Find the line with "相較於其他野鳥,這隻唐秋沙顯". Transcribe it and each later line of the data exactly, up to and including the last.

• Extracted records
• • • • • • •

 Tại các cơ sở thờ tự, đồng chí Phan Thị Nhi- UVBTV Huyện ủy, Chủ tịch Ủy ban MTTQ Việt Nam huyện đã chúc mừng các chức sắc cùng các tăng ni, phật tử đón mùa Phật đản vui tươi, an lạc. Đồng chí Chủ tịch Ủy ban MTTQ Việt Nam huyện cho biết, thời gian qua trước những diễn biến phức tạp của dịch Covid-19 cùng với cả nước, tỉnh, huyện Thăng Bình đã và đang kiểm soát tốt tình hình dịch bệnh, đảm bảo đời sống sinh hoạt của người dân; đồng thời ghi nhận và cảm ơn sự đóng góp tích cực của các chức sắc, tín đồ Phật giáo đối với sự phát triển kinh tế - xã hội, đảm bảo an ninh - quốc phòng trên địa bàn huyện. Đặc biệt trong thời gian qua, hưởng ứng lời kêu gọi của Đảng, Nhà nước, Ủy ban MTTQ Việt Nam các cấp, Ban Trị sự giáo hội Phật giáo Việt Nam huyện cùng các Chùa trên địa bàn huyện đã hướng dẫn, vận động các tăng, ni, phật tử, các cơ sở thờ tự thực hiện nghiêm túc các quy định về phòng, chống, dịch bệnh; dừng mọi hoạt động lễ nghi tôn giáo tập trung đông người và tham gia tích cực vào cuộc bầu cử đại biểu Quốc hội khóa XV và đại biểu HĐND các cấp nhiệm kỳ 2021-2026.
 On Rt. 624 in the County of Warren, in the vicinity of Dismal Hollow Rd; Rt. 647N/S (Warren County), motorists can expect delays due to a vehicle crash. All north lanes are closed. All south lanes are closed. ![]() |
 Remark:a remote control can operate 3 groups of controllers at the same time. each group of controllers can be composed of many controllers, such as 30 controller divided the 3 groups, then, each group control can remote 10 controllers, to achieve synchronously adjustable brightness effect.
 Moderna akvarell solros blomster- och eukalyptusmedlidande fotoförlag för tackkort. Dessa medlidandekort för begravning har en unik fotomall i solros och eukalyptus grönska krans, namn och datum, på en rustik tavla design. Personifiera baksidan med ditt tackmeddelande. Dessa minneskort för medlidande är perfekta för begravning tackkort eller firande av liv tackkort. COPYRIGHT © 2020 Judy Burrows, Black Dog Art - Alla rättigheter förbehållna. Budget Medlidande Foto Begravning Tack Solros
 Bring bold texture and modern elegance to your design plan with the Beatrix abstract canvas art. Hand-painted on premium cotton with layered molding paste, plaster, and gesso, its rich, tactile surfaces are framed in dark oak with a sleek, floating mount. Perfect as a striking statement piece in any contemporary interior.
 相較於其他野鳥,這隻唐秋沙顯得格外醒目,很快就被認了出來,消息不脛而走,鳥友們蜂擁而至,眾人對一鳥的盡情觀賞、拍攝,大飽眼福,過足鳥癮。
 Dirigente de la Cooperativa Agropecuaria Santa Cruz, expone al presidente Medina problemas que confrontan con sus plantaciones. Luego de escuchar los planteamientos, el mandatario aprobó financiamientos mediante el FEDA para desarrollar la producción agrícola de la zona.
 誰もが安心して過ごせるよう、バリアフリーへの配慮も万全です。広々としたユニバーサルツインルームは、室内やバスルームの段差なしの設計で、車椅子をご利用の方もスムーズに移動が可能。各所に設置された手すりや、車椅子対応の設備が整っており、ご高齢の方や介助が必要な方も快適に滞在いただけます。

• • • • • • •

• Answer area
 相較於其他野鳥,這隻唐秋沙顯得格外醒目,很快就被認了出來,消息不脛而走,鳥友們蜂擁而至,眾人對一鳥的盡情觀賞、拍攝,大飽眼福,過足鳥癮。
 Dirigente de la Cooperativa Agropecuaria Santa Cruz, expone al presidente Medina problemas que confrontan con sus plantaciones. Luego de escuchar los planteamientos, el mandatario aprobó financiamientos mediante el FEDA para desarrollar la producción agrícola de la zona.
 誰もが安心して過ごせるよう、バリアフリーへの配慮も万全です。広々としたユニバーサルツインルームは、室内やバスルームの段差なしの設計で、車椅子をご利用の方もスムーズに移動が可能。各所に設置された手すりや、車椅子対応の設備が整っており、ご高齢の方や介助が必要な方も快適に滞在いただけます。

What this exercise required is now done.